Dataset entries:
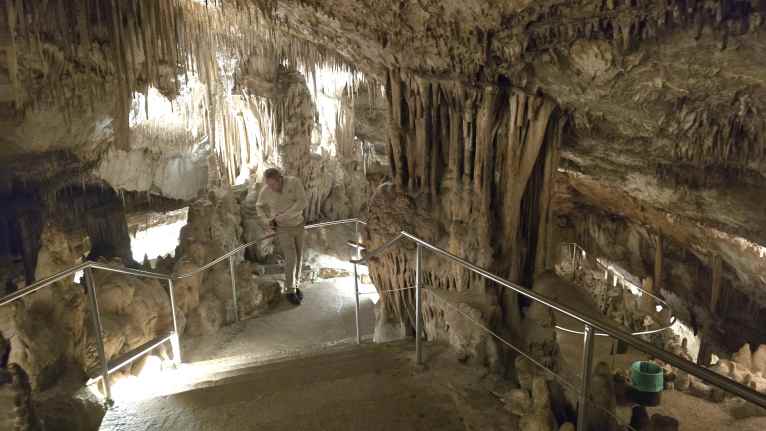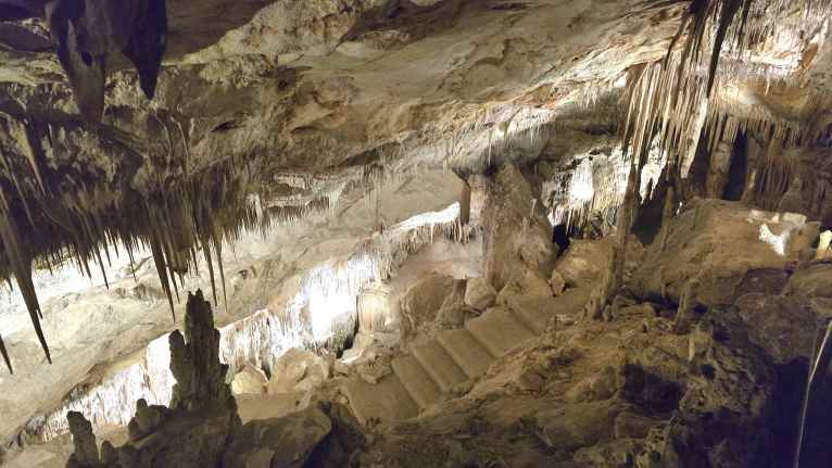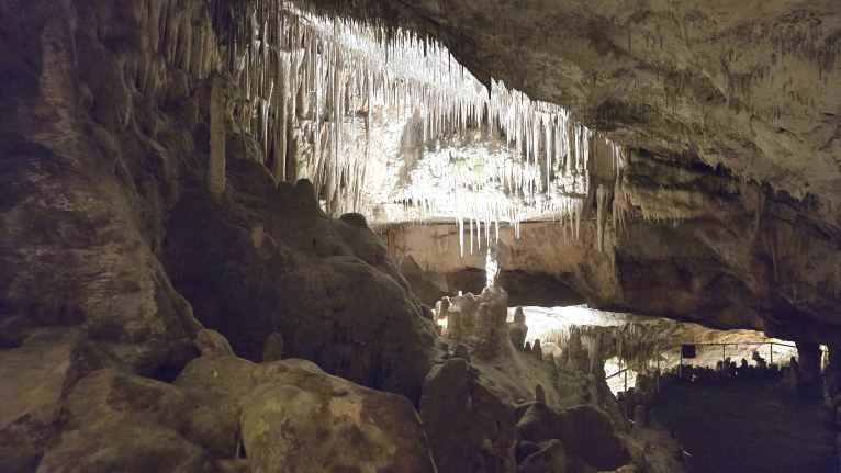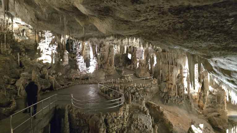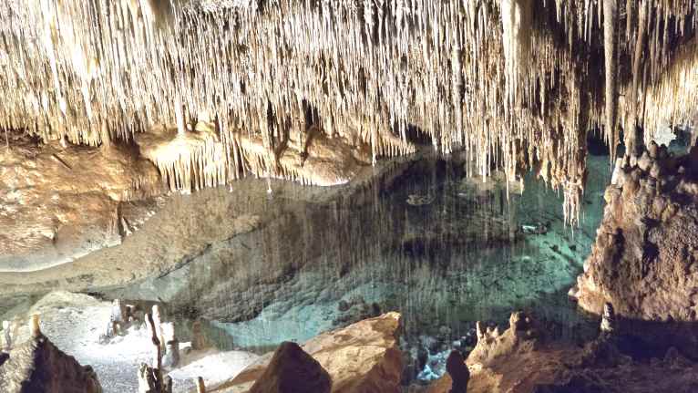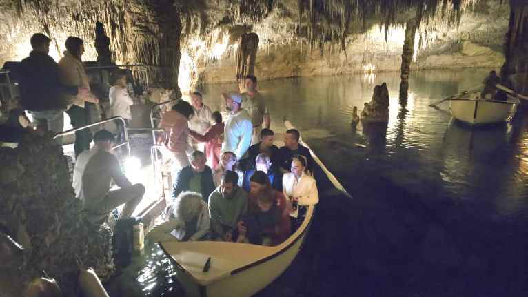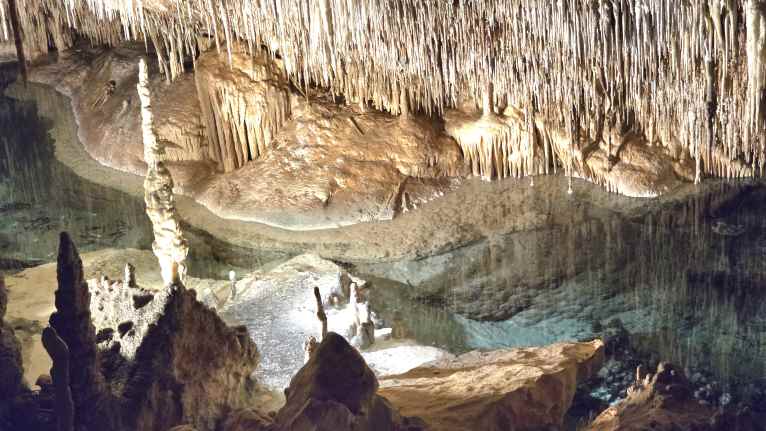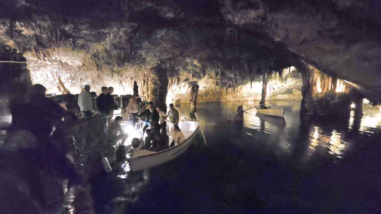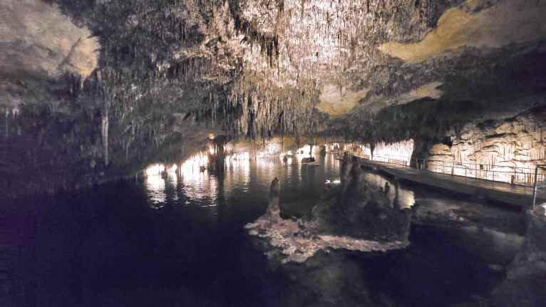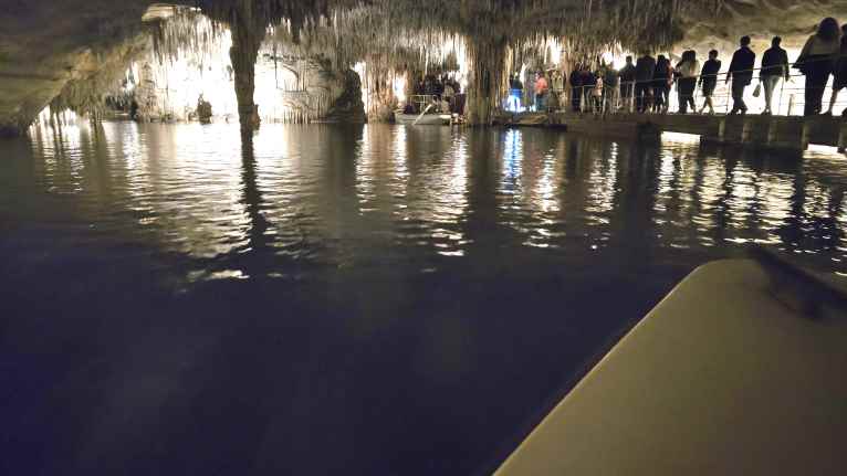 In der Höhle ist es angenehm warm. Man wandert langsam im Pulk der Leute durch die Höhle. Bis zu einem See, der Lago Martel, der als einer der größten unterirdischen Seen der Welt gilt. Édouard Alfred Martel hat die Höhle um 1890 herum entdeckt.
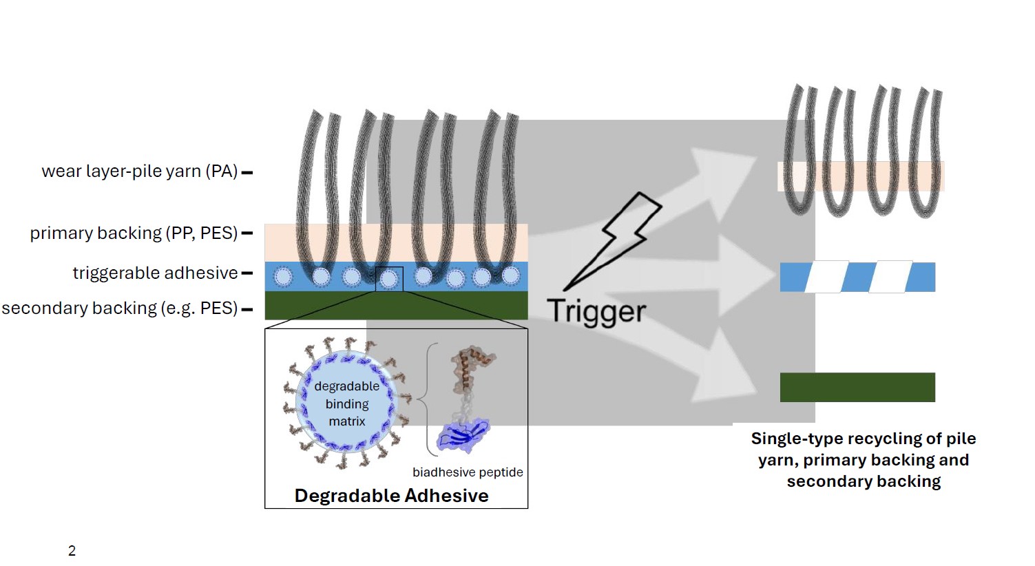 At DWI, a tailor-made peptide adhesive with strong bonding and stimuli-responsive properties was developed for removal. At TFI, the production technology for applying and drying the coating system was developed. Functional samples for benchmark comparisons were also developed here. Following the development of a separation and recycling concept, the coating system was evaluated in terms of its economic and ecological benefits. The transferability of the new coating system to needled textile floor coverings was demonstrated.
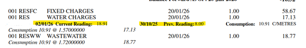 Previously, all billing areas in the Town (A, B, C, and D) were billed three times per year, with each bill covering four months of consumption. A final bill for all areas was issued at the end of January 2026. This bill covered up to the end of December 2025. Fixed charges were prorated based on the number of months billed.
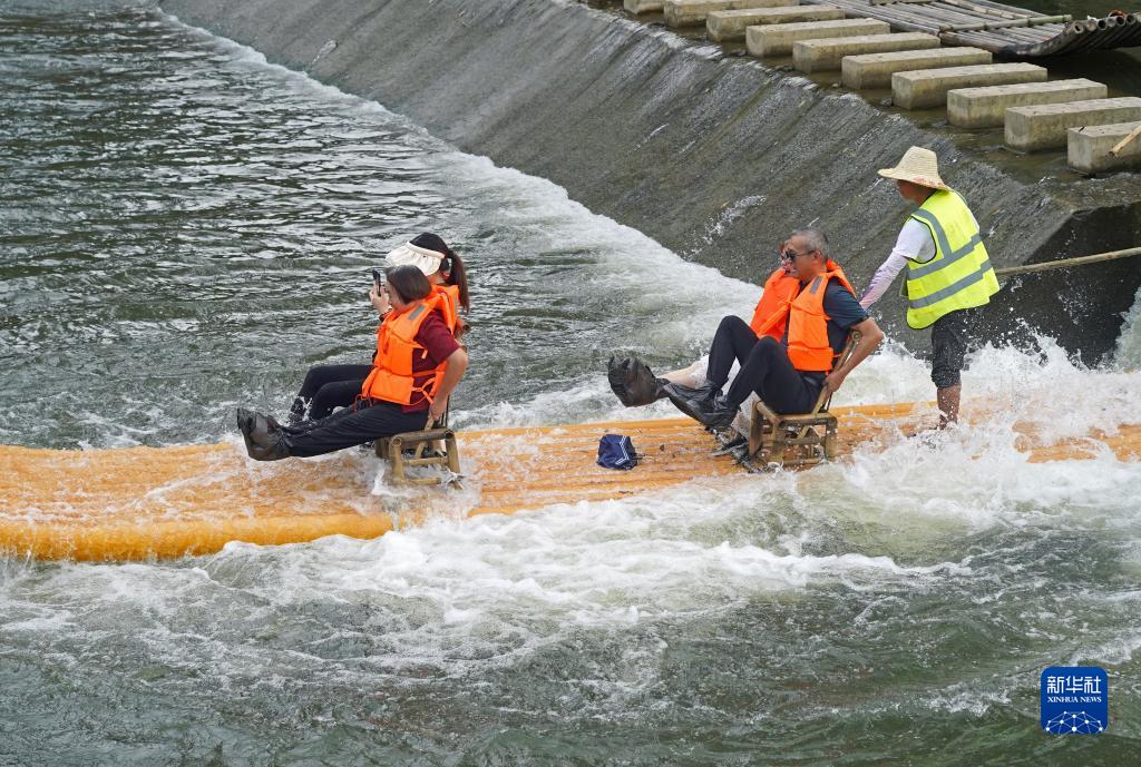 游客在港背村的小溪里體驗竹筏漂流(8月24日攝)。
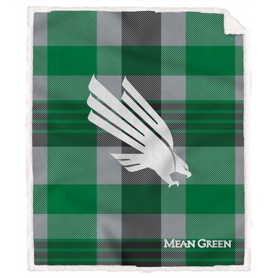 NCAA North Texas Mean Green Plaid Steel Royal Plush Faux Shearling Blanket

**EXERCISE:**
Print only the lines from the first line of the data above through the one containing "At DWI, a tailor-made", exactly as they are, with pictures omitted.

**RESULT BELOW:**
 In der Höhle ist es angenehm warm. Man wandert langsam im Pulk der Leute durch die Höhle. Bis zu einem See, der Lago Martel, der als einer der größten unterirdischen Seen der Welt gilt. Édouard Alfred Martel hat die Höhle um 1890 herum entdeckt.
 At DWI, a tailor-made peptide adhesive with strong bonding and stimuli-responsive properties was developed for removal. At TFI, the production technology for applying and drying the coating system was developed. Functional samples for benchmark comparisons were also developed here. Following the development of a separation and recycling concept, the coating system was evaluated in terms of its economic and ecological benefits. The transferability of the new coating system to needled textile floor coverings was demonstrated.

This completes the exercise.